● **Exercise goal**
Copy each line of the records that contains the word "with".

● **Source material**
—————

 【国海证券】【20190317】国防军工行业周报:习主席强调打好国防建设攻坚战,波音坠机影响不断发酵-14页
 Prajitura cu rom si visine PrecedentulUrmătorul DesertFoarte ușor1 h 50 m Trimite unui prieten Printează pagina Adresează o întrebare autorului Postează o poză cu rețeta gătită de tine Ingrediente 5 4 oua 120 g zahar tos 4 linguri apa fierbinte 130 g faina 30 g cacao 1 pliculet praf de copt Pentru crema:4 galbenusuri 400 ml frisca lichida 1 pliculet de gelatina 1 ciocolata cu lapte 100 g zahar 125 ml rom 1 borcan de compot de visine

—————

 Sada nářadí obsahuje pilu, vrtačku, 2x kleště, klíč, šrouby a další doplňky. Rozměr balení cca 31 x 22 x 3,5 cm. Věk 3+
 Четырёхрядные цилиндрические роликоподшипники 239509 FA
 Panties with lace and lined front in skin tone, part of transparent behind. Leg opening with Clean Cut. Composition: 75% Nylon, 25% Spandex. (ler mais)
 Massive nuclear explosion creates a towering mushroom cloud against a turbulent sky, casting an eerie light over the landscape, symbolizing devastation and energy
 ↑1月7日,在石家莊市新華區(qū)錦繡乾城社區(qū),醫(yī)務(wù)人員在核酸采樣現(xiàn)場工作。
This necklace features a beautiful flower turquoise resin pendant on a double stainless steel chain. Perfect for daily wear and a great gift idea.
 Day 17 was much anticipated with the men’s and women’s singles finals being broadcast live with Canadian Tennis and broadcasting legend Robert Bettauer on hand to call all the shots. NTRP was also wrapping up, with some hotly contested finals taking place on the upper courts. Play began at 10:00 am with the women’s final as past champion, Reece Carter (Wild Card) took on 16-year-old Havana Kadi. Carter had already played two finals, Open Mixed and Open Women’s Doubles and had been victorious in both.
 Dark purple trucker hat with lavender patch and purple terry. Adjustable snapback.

—————

● **Exercise result**
 Panties with lace and lined front in skin tone, part of transparent behind. Leg opening with Clean Cut. Composition: 75% Nylon, 25% Spandex. (ler mais)
 Day 17 was much anticipated with the men’s and women’s singles finals being broadcast live with Canadian Tennis and broadcasting legend Robert Bettauer on hand to call all the shots. NTRP was also wrapping up, with some hotly contested finals taking place on the upper courts. Play began at 10:00 am with the women’s final as past champion, Reece Carter (Wild Card) took on 16-year-old Havana Kadi. Carter had already played two finals, Open Mixed and Open Women’s Doubles and had been victorious in both.
 Dark purple trucker hat with lavender patch and purple terry. Adjustable snapback.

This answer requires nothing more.